- [Exercise prompt]: Transcribe the entries below exactly, starting with the line that has "益阳市大通湖管理区千山红镇大西湖村举办移风易俗工作屋场会。(益阳市文明办供图)" and stopping after the line that has "Chiều ngày 23.7, Trường"; no pictures belong in the copy.

── Given information ──

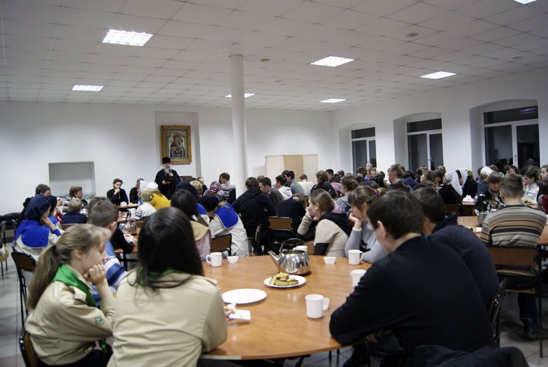 11–13 февраля в детском лагере «Златоуст» под Калугой прошла встреча православной молодёжи, организованная Калужской епархией. На это собрание были приглашены руководители и активисты православных молодёжных организаций Калужской области и соседних с ней регионов, а также молодые прихожане храмов. Детский центр "Возрождение" представлял преподаватель Закона Божия Лунин Антон Павлович, а также выпускники Центра: Бусалаев Серафим, Гинкул Николай и др. Главной целью встречи было знакомство представителей верующей молодёжи друг с другом, установление между ними контактов, обмен опытом, и, в перспективе, консолидация их усилий, особенно в области миссионерской и социальной работы. В первый день работы встречи к собравшимся обратился митрополит Калужский и Боровский Климент. Владыка призвал молодых людей сохранять в своём сердце Бога, потому что истинное добро и радость могут быть только с Ним, а зло есть следствие отсутствия стремления к Богу в нашей жизни, как тьма – лишь отсутствие света, а холод – всего только отсутствие тепла. Также Владыка преподнес участникам встречи подарки – православные календари и книги. Три дня работы молодежного слета прошли весьма интересно и продуктивно. Её участники, соревнуясь друг с другом, выполняли задания–экспромты на организацию православных праздников, проводили круглые столы, мастер–классы и дискуссии, и, главное, рассказали собравшимся о себе и о своих организациях. Всего, в этой встрече, приняло участие более ста человек. Среди них присутствовали представители таких организаций, как Калужское Православное Молодёжное Движение, Тульское Православное Молодёжное Движение, Организация Российских Юных Разведчиков (Обнинск), Национальное Объединение Добровольцев «Русь» (Обнинск), центр дополнительного образования «Возрождение» (Козельск), Свято–Амвросиевский православный молодёжный центр при КГУ им. Циолковского (Калуга), дружина юных разведчиков имени апостола Андрея Первозванного при храме Покрова–что–на Рву (Калуга), молодёжный православный дискуссионный клуб «Вера» (Брянск) и других. Участники встречи активно обменивались друг с другом контактными телефонами, знакомясь не только в ходе официальных мероприятий, но и неофициальных вечерних «посиделок» с гитарами, которые организовали юные разведчики из дружины Покровского храма. Кроме того, находилось время и для развлечений – на второй день встречи для желающих был организован небольшой лыжный поход по окрестностям лагеря, а вечером того же дня – просмотр известного фильма «Поп» с последующим его обсуждением. Как рассказал один из главных организаторов встречи, секретарь комиссии по работе с молодёжью, иерей Кирилл Хланта, подобное мероприятие проводится в Калужской епархии впервые, и он возлагает на него большие надежды. «Мы, и прежде всего, верующая молодёжь, должны самой своей жизнью проповедовать Христа окружающим. И главные усилия следует обратить на привлечение в храм именно молодых людей. Потому что когда человек приходит в храм, он часто видит там одних бабушек…». Дни встречи пролетели незаметно, но было ясно, что её участникам она очень понравилась – на «Листе предложений», специально повешенном на стене, чтобы гости мероприятия могли оставить на нём свои отзывы, многие писали: «Хотим провести такую вст
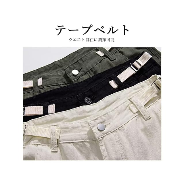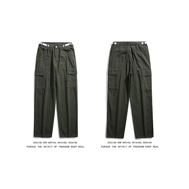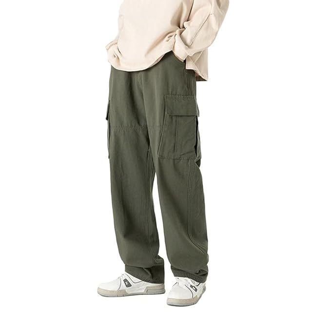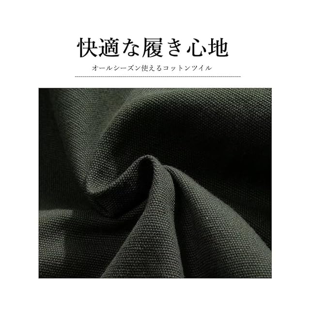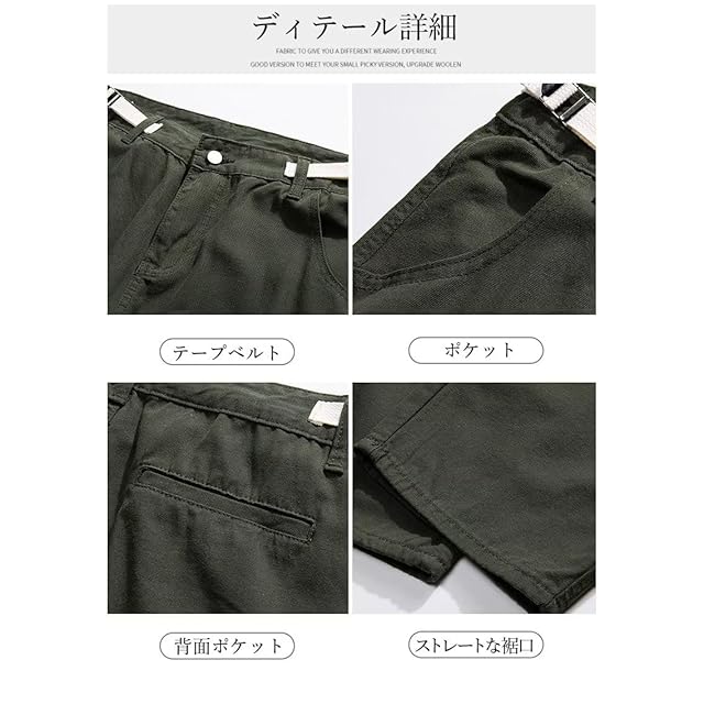 [Uroi] カーゴパンツ メンズ 綿100 ゆったり ワイドカーゴパンツ カジュアル ミリタリーパンツ ワークパンツ ロングパンツ リラックス 調整可能テープベルト オールシーズン使える グリーン L
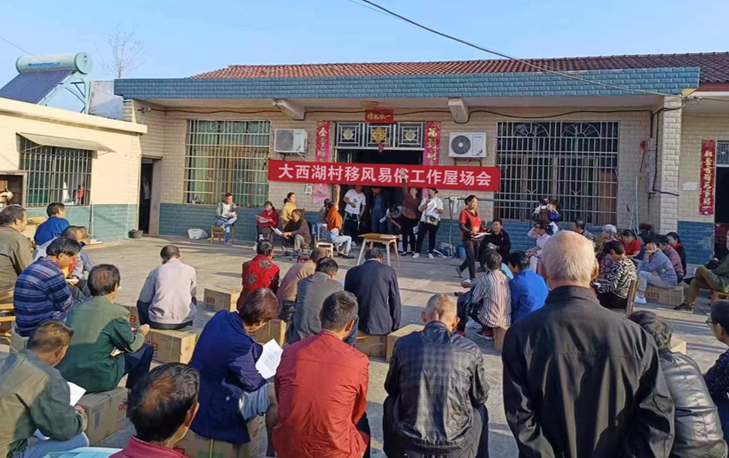 益阳市大通湖管理区千山红镇大西湖村举办移风易俗工作屋场会。(益阳市文明办供图)
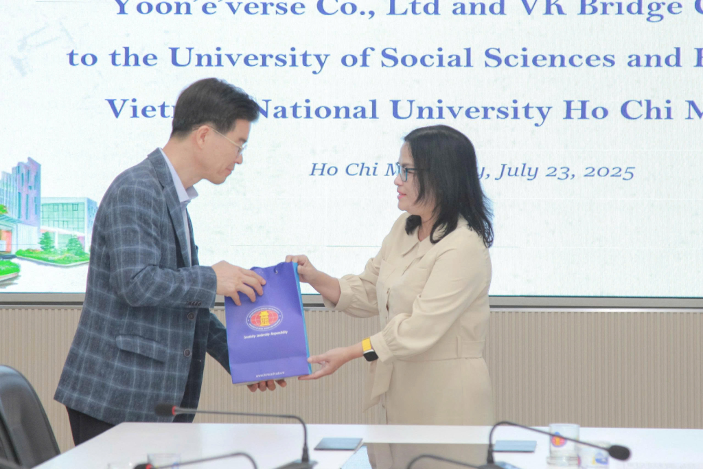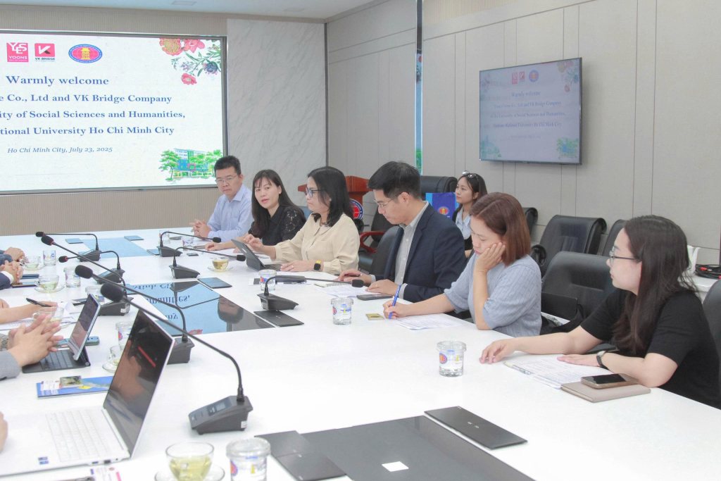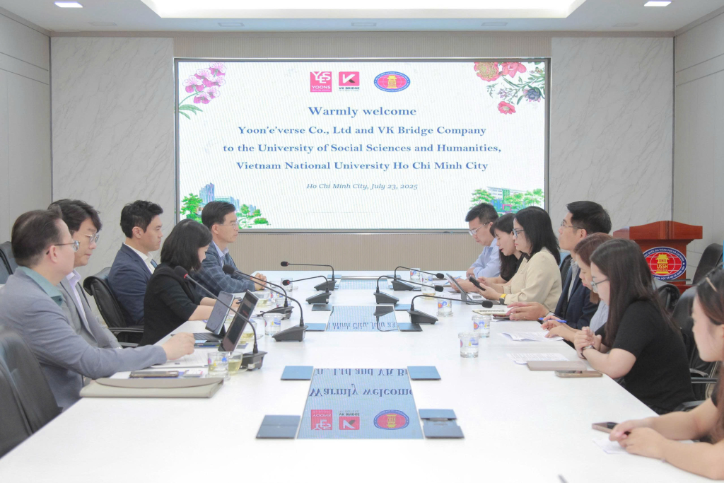 Chiều ngày 23.7, Trường Đại học Khoa học Xã hội và Nhân văn, ĐHQG-HCM đã có buổi làm việc với Công ty Yoon'e'verse và Công ty VK Bridge nhằm khám phá những cơ hội hợp tác chiến lược trong lĩnh vực giáo dục ngôn ngữ và ứng dụng công nghệ AI. Đây là một trong những hoạt động cụ thể hóa định hướng chuyển đổi số trong giảng dạy, từng bước đưa công nghệ vào hỗ trợ quá trình đào tạo, nâng cao chất lượng và trải nghiệm học tập cho người học.
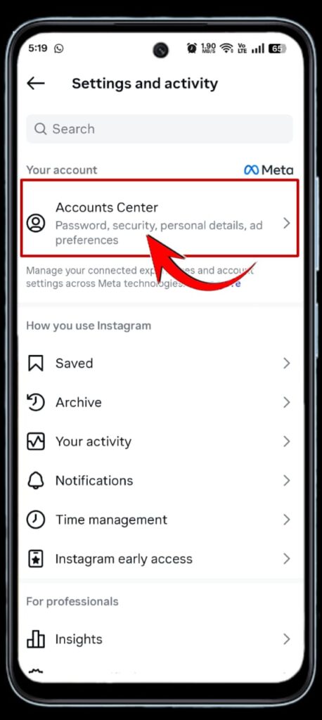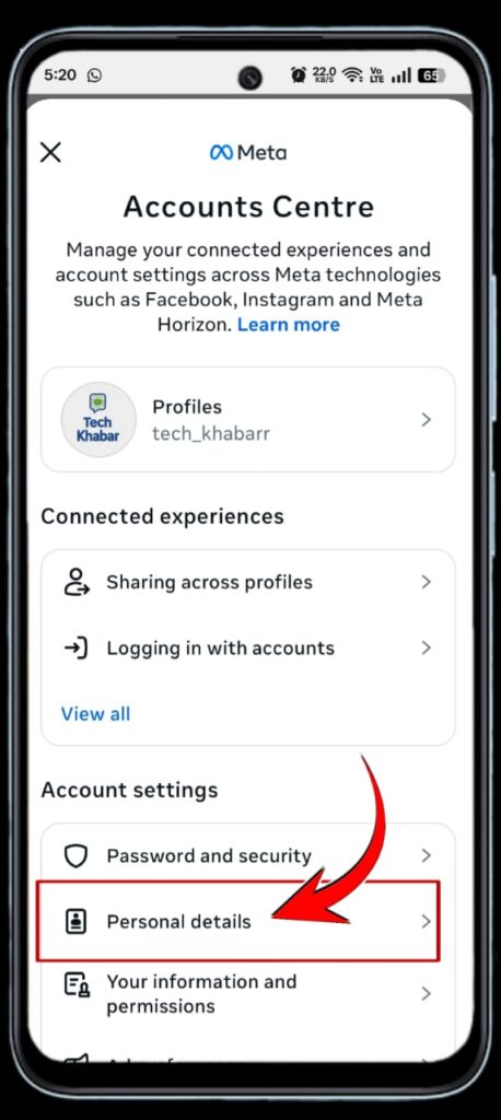इसके बाद आप सभी Account Centre के ऑप्शन पर क्लिक करें।
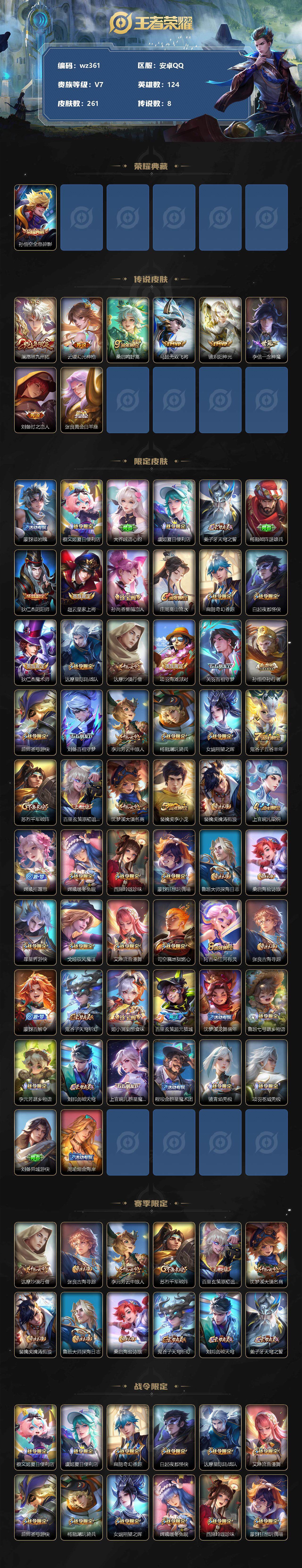 【账号佳】【王者荣耀】【编号:3339997】【可二次实名】【wz361】【商品标题】:安卓Q-V7-最强王者段位-124英雄-261皮肤-1典藏-0珍品无双-0无双-0珍品传说-8传说-65史诗 【荣耀典藏】:孙悟空全息碎影 【传说皮肤】:澜愿照九州拓,云缨幻光神枪,桑启鸣野蒿,马超无双飞将,镜炽阳神光,李信一念神魔,刘备时之恋人,张良黄金白羊座 【限定皮肤】:蒙犽顽岩魄,蔡文姬夏日便利店,大乔绒语心约,虞姬夏日便利店,姜子牙天穹之誓,杨戬破阵退雄兵,狄仁杰阴阳师,赵云皇家上将,孙尚香蔷薇恋人,庄周高山流水,扁鹊奇幻香踪,白起夜都怪侠,狄仁杰魔术师,达摩星际陆战队,达摩沙漠行僧,项羽海滩派对,关羽百相守梦,孙悟空孙行者,后羿圣弓游侠,刘备百相守梦,李元芳云中旅人,杨戬潮玩骑兵,女娲朔望之晖,鬼谷子五谷丰年,苏烈千军破阵,百里玄策原初追逐者,沈梦溪大漠名商,裴擒虎李小龙,裴擒虎擒涛扼浪,上官婉儿梁祝,嫦娥拒霜思,嫦娥暖冬兔眠,西施玲珑珍味,蒙犽狂想玩偶喵,鲁班大师探海日志,桑启海盐诗旅,暃星界游侠,戈娅驭风魔法,艾琳流音漫舞,司空震地狱燃心,阿古朵江河有灵,张良古海寻踪,蒙犽百解令,鬼谷子天穹祈灯,姬小满妄想食味,百里玄策超元猎域,沈梦溪龙舞盛年,鲁班七号蔬乡物语,李元芳蔬乡物语,刘邦剑破天穹,上官婉儿群星魔术团,程咬金群星魔术团,镜青焰无极,项羽苍威无极,刘备异域游侠,周瑜熔金海岸 【赛季限定】:达摩沙漠行僧,张良古海寻踪,李元芳云中旅人,苏烈千军破阵,百里玄策原初追逐者,沈梦溪大漠名商,裴擒虎擒涛扼浪,鲁班大师探海日志,桑启海盐诗旅,鬼谷子天穹祈灯,刘邦剑破天穹,姜子牙天穹之誓 【战令限定】:蔡文姬夏日便利店,虞姬夏日便利店,扁鹊奇幻香踪,白起夜都怪侠,达摩星际陆战队,艾琳流音漫舞,后羿圣弓游侠,杨戬潮玩骑兵,女娲朔望之晖,嫦娥暖冬兔眠,西施玲珑珍味,蒙犽狂想玩偶喵,司空震地狱燃心,暃星界游侠,戈娅驭风魔法,鲁班七号蔬乡物语,李元芳蔬乡物语,镜青焰无极,项羽苍威无极 【史诗皮肤】:露娜紫霞仙子,赵云皇家上将,赵云未来纪元,甄姬冰雪圆舞曲,王昭君偶像歌手,狄仁杰魔术师,廉颇地狱岩魂,宫本武藏鬼剑武藏,孙尚香蔷薇恋人,孙尚香水果甜心,墨子金属风暴,吕布圣诞狂欢,刘禅绅士熊喵,李白千年之狐,吕布末日机甲,张飞乱世虎臣,花木兰水晶猎龙者,夏侯惇乘风破浪,兰陵王暗隐猎兽者,诸葛亮黄金分割率,亚瑟心灵战警,安琪拉心灵骇客,铠曙光守护者,蔡文姬舞动绿茵,白起星夜王子,阿轲节奏热浪,孙策猫狗日记,狄仁杰鹰眼统帅,上官婉儿梁祝,蒙犽狂想玩偶喵,百里玄策原初追逐者,裴擒虎李小龙,钟馗乐园奇幻夜,孙悟空孙行者,庄周高山流水,司马懿暗渊魔法,嫦娥拒霜思,夏洛特永昼,澜赏金猎手,鬼谷子五谷丰年,暃星界游侠,扁鹊奇幻香踪,刘备百相守梦,关羽百相守梦,戈娅驭风魔法,镜真我赫兹,司空震地狱燃心,阿古朵江河有灵,蒙犽百解令,周瑜雪夜绮愿,姬小满妄想食味,百里玄策超元猎域,鲁班七号蔬乡物语,上官婉儿群星魔术团,镜青焰无极,黄忠怒海争锋,蔡文姬夏日便利店,蒙犽顽岩魄,姬小满战舞者,牛魔星界战将,孙膑茶境仙,赵怀真器灵浮梦炉,阿轲化蝶舞,刘禅鸭鸭历险记,狂铁龙之律动 【其他皮肤】:项羽海滩派对,韩信教廷特使,韩信街头霸王,露娜哥特玫瑰,阿轲爱心护理,达摩大发明家,赵云白执事,赵云忍炎影,芈月红桃皇后,白起白色死神,武则天东方不败,扁鹊化身博士,宫本武藏未来纪元,安琪拉玩偶对对碰,孙膑天使之翼,妲己少女阿狸,典韦黄金武士,亚瑟死亡骑士,达摩拳王,花木兰兔女郎,张飞五福同心,甄姬花好人间,刘备万事如意,宫本武藏万象初新,后羿阿尔法小队,狄仁杰阴阳师,刘备纽约教父,刘备汉昭烈帝,关羽龙腾万里,钟无艳海滩丽影,王昭君幻想奇妙夜,狂铁命运角斗场,老夫子功夫老勺,孙尚香沉稳之力,诸葛亮掌控之力,李白敏锐之力,鬼谷子幻乐之宴,大乔守护之力,明世隐虹云星官,张良幽兰居士,女娲朔望之晖,小乔丁香结,吕布野性能量,孙膑归虚梦演,沈梦溪鲨炮海盗猫,姜子牙炽热元素使,哪吒次元突破,鲁班七号黑桃队长,盾山圆桌骑士,狂铁特工战影,刘禅秘密基地,杨戬次元傲视,达摩星际陆战队,张良缤纷绘卷,鲁班大师乓乓大师,苏烈千军破阵,后羿圣弓游侠,达摩沙漠行僧,程咬金无双福将,刘邦虎啸剑宗,白起夜都怪侠,米莱狄契约魔法,沈梦溪大漠名商,蒙恬蔚蓝守将,李元芳云中旅人,戈娅危途狂花,刘备潮玩造梦师,桑启海盐诗旅,嫦娥暖冬兔眠,海月幻泉雾影,猪八戒潮玩探月行,白起乐园追猎者,赵怀真太极少年,裴擒虎擒涛扼浪,杨戬潮玩骑兵,太乙真人劲辣红锅,莱西奥西部游侠,鲁班大师探海日志,西施玲珑珍味,姬小满零食大作战,李元芳妄想特派,艾琳流音漫舞,张良古海寻踪,钟无艳聚星闪耀,海月王牌新星,亚连破局者,后羿完美运算,程咬金暖冬絮语,鬼谷子天穹祈灯,嫦娥漠中幻影,朵莉亚金色潮汐,廉颇
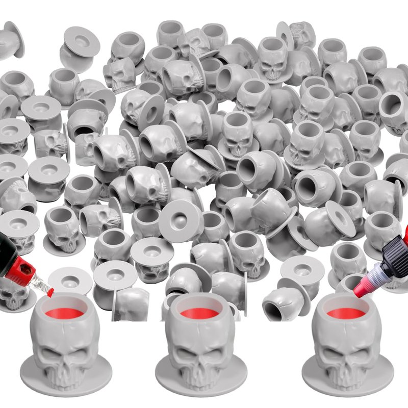 - Unique design - Skull shaped tattoo ink caps made of silicone material,Tattoo ink caps are unique and stylish containers designed for holding tattoo ink during the tattooing process.

───

- [Response to the task]:
 益阳市大通湖管理区千山红镇大西湖村举办移风易俗工作屋场会。(益阳市文明办供图)
 Chiều ngày 23.7, Trường Đại học Khoa học Xã hội và Nhân văn, ĐHQG-HCM đã có buổi làm việc với Công ty Yoon'e'verse và Công ty VK Bridge nhằm khám phá những cơ hội hợp tác chiến lược trong lĩnh vực giáo dục ngôn ngữ và ứng dụng công nghệ AI. Đây là một trong những hoạt động cụ thể hóa định hướng chuyển đổi số trong giảng dạy, từng bước đưa công nghệ vào hỗ trợ quá trình đào tạo, nâng cao chất lượng và trải nghiệm học tập cho người học.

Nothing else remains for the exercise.